AVAILABLE DATA:
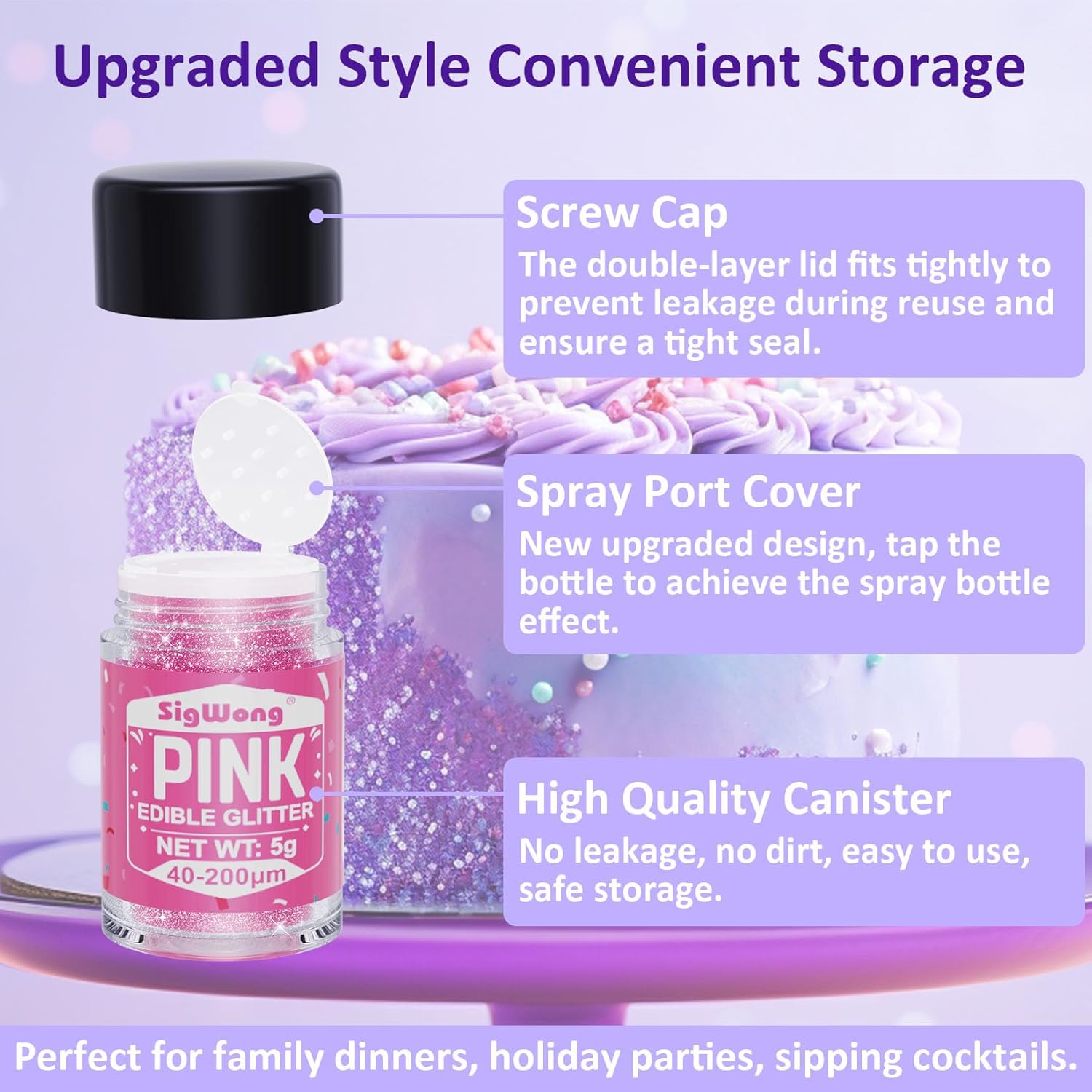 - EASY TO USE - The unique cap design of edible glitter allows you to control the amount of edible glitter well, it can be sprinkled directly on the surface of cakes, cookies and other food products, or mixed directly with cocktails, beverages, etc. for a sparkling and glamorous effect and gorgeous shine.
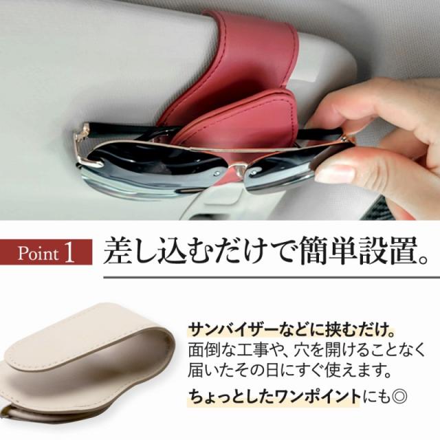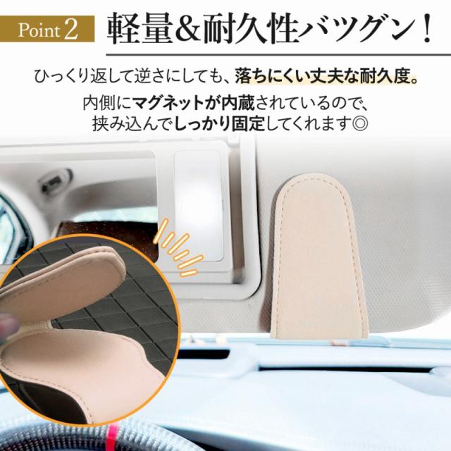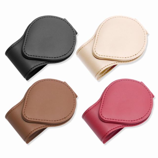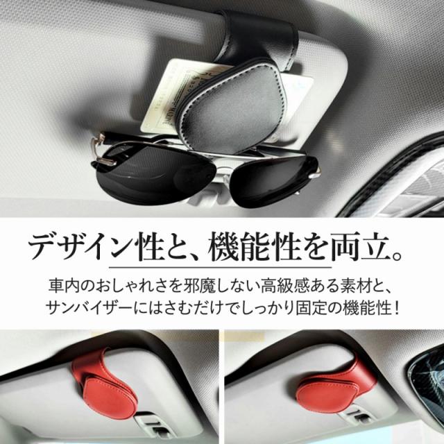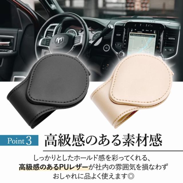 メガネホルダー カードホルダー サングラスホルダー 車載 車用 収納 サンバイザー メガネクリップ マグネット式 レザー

* * *

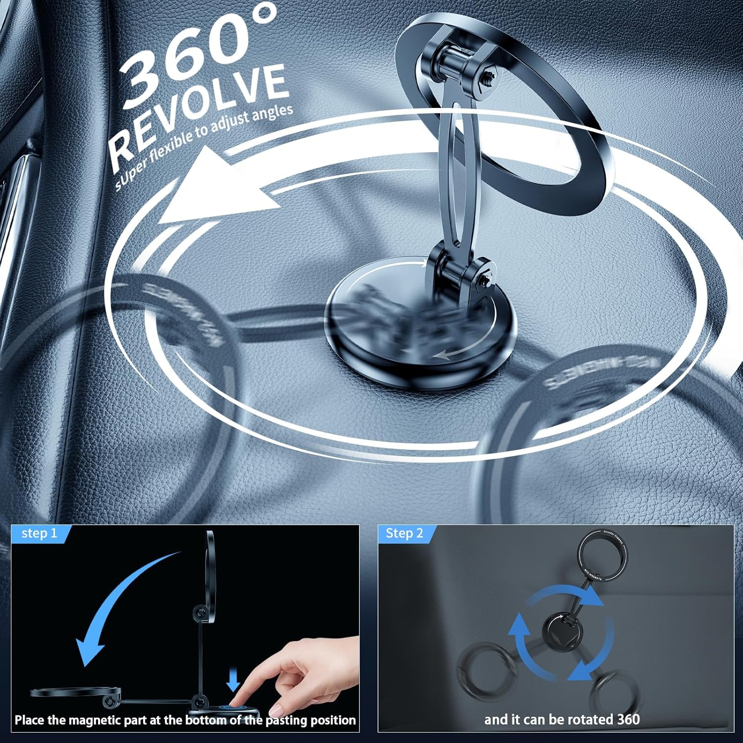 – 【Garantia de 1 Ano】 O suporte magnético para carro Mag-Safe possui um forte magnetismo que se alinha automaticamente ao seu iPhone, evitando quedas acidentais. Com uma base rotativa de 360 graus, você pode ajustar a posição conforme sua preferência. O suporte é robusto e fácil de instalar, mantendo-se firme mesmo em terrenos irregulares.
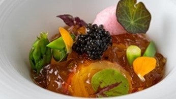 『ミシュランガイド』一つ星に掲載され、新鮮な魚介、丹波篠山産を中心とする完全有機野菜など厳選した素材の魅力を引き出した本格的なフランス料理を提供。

WHAT TO PRODUCE:
In the listing above, find the line with "- EASY TO USE" and the line with "メガネホルダー カードホルダー サングラスホルダー". Copy both of them and every line between, exactly, but not the pictures.

RESULT:
 - EASY TO USE - The unique cap design of edible glitter allows you to control the amount of edible glitter well, it can be sprinkled directly on the surface of cakes, cookies and other food products, or mixed directly with cocktails, beverages, etc. for a sparkling and glamorous effect and gorgeous shine.
 メガネホルダー カードホルダー サングラスホルダー 車載 車用 収納 サンバイザー メガネクリップ マグネット式 レザー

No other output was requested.